Yes. I was on the wrong track.

I have started with a simple example. With the transfer function of a PI controller G_C(s)=K_C*(1+T_C*s)/T_C*s and the transfer function of a PT1 process G_P(s)=K_P/(1+T_P*s), I build the closed loop and calculate the characteristic equation
1+(K_P*K_C*(1+T_C*s))/((1+T_P*s)*T_C*s)=0
Now, I take the part between "1+" and "=0", name it G_CP and figure out the zeros and poles. These should be
s_z1 = -1/T_C (zero 1)
s_p1= 0 (pole 1)
s_p2=-1/T_P (pole 2).
Finally the curve parameter K_0=K_P*K_C/T_P.

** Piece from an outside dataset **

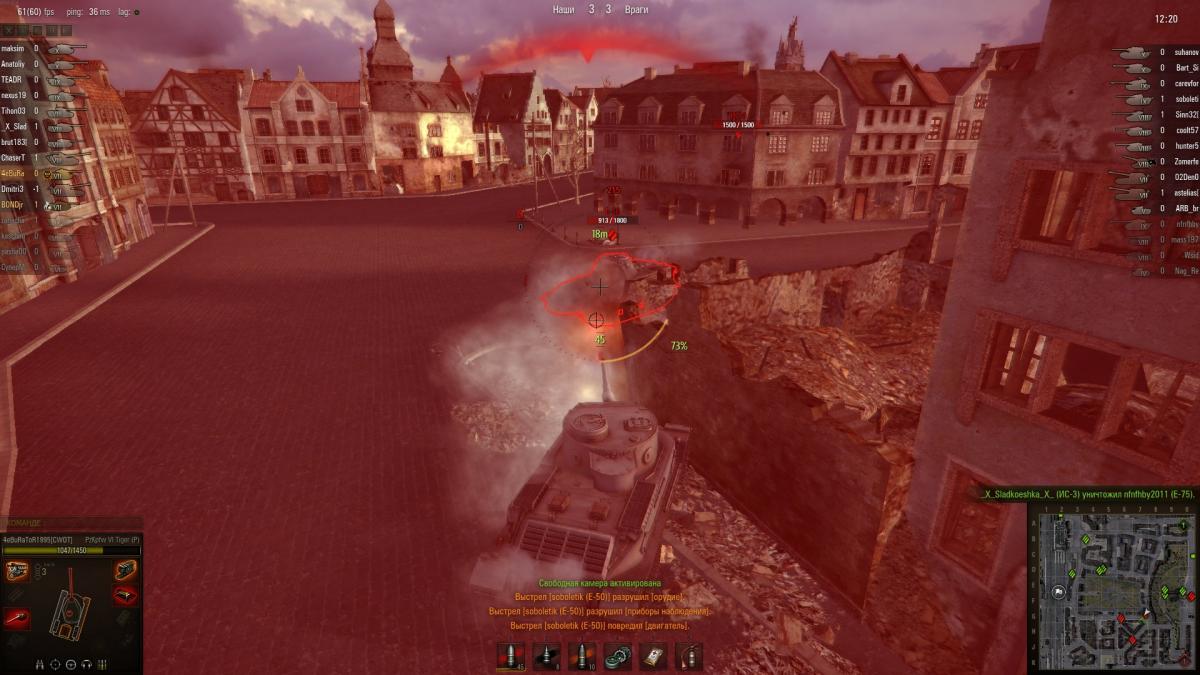 Сейчас играл на тигре п,на меня выскочил вражеский е50,у нас была с ним перестрелка,и тут в один момент он с выстрела критует мне 3 модуля:ствол,триплекс и двигатель.

With this I could play with the time constants and gains of process and controller. As you suggested, I can try to minimize K_P like it would be in the area of the gain reversal. I can also define a process with negative gain and examine the stability on the other side of the gain reversal. I have the feeling that both, the gain reversal and the small gain cause instability. I think you wrote about the small gain problem before but I wasn't sure what you mean.
I chose some values for the time constants and gains and used a root locus java applet on some web site. My first question is, can you suggest a web page with root locus applet? My second question is, how do I evaluate the stability with the root locus plot? I have literature about this but after reading I still have no clue.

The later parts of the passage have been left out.